How Can Airbyte Help Build a Data Pipeline to Store Embeddings and Utilize Them?
Training large language models like BERT requires a lot of relevant data. This data often comes from many sources, such as Kaggle, Hugging Face, Wikipedia, etc. As the first step in training an LLM is to integrate all this data and keep it up-to-date, you need a powerful, robust data pipeline in place.
To help you with that, you can leverage Airbyte, a data integration and replication platform. It allows you to transfer large amounts of data from multiple systems to a destination of your choice using its 600+ connectors. If you cannot find a connector that meets your requirements, you can create one in minutes using the CDK feature.
Conclusion
BERT embeddings are a powerful technique that allows machines to understand, interpret, and process natural language. BERT’s contextual embeddings extract complex meanings and relationships between words with its bi-directional nature of model training.

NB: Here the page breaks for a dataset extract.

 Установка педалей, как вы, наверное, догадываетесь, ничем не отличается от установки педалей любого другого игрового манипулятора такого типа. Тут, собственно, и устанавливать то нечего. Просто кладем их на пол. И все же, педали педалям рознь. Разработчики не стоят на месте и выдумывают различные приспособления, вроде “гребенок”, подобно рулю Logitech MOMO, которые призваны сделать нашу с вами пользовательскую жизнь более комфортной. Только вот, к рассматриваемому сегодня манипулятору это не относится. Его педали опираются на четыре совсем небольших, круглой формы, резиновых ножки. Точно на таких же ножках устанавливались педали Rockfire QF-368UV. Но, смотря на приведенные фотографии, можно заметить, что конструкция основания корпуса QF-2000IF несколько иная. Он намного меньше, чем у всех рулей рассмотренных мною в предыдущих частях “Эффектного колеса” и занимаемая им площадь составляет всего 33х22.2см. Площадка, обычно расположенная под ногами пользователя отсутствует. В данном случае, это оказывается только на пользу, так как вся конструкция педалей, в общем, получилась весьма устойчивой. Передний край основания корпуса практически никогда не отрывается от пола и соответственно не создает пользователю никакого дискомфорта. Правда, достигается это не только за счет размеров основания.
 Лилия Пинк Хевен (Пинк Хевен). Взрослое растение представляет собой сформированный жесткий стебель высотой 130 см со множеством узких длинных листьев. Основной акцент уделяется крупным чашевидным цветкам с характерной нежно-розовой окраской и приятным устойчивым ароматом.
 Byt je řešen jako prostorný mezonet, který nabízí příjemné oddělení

By leveraging BERT’s pre-trained models and fine-tuning them on specific tasks, you can achieve significant improvements in AI-driven applications. Hugging Face offers various BERT base and multilingual models to generate embeddings. To try it yourself with Python programming, follow the step-by-step guide outlined in this article.
Frequently Asked Questions
Can BERT be used for embedding?
Yes, BERT can be used to create embeddings. BERT generates contextual word embeddings that capture the meaning of words based on their surrounding context. Unlike static embeddings like Word2Vec, BERT embeddings change based on the context in which words appear, making them more accurate for understanding language nuances.

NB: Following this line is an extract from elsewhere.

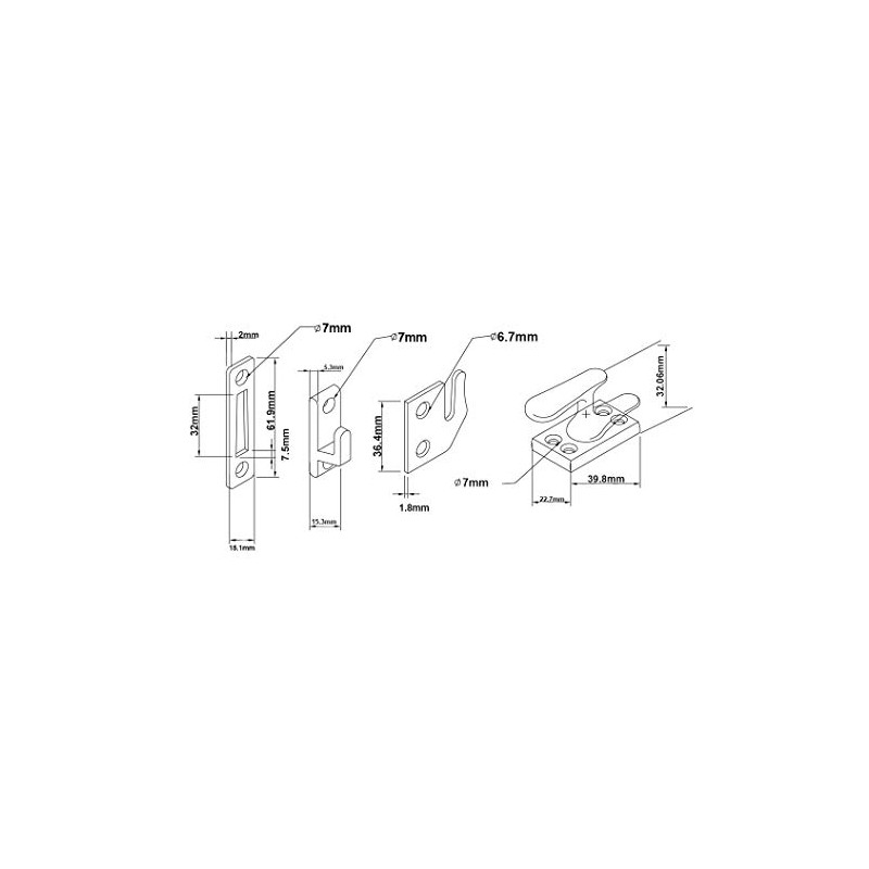 - Base: 1-9/16" x 7/8"; projection: 1-1/4"

What is the size of the BERT embedding vector?
The size of BERT embeddings varies depending on the model variant. BERT-Base produces 768-dimensional embeddings, while BERT-Large generates 1024-dimensional embeddings. Smaller variants like DistilBERT typically produce 768-dimensional embeddings but with reduced computational requirements.
What is the difference between BERT and word-to-vector?

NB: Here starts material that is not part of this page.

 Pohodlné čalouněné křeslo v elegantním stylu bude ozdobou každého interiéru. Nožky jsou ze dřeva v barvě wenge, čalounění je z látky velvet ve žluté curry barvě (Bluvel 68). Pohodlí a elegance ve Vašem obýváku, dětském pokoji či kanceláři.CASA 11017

BERT produces contextualized embeddings using a deep transformer architecture, meaning the same word gets different embeddings based on its context. Word2Vec creates static embeddings where each word has a fixed vector representation regardless of context. BERT captures bidirectional context, while Word2Vec processes context in a fixed window around each word.
What are the advantages of BERT embeddings?
- Unlike traditional models that read text unidirectionally, BERT reads in both directions, providing complete contextual understanding.
- BERT embeddings can be fine-tuned for a variety of NLP tasks, making them adaptable to specific needs and domains.
- BERT word embeddings help machines capture nuances and different meanings of words depending on their context.
Can BERT be used for topic modeling?
Yes, BERTopic is a topic-modeling technique that leverages BERT embeddings to create more semantically meaningful topic representations. BERTopic combines BERT embeddings with clustering algorithms and class-based TF-IDF to generate coherent and interpretable topics from document collections.
What is the BERT embedding layer?
The BERT embedding layer refers to the initial layers of the BERT model responsible for converting input tokens into continuous vector representations. This layer combines token embeddings, position embeddings, and token-type embeddings to create the input representations that are processed by the transformer layers.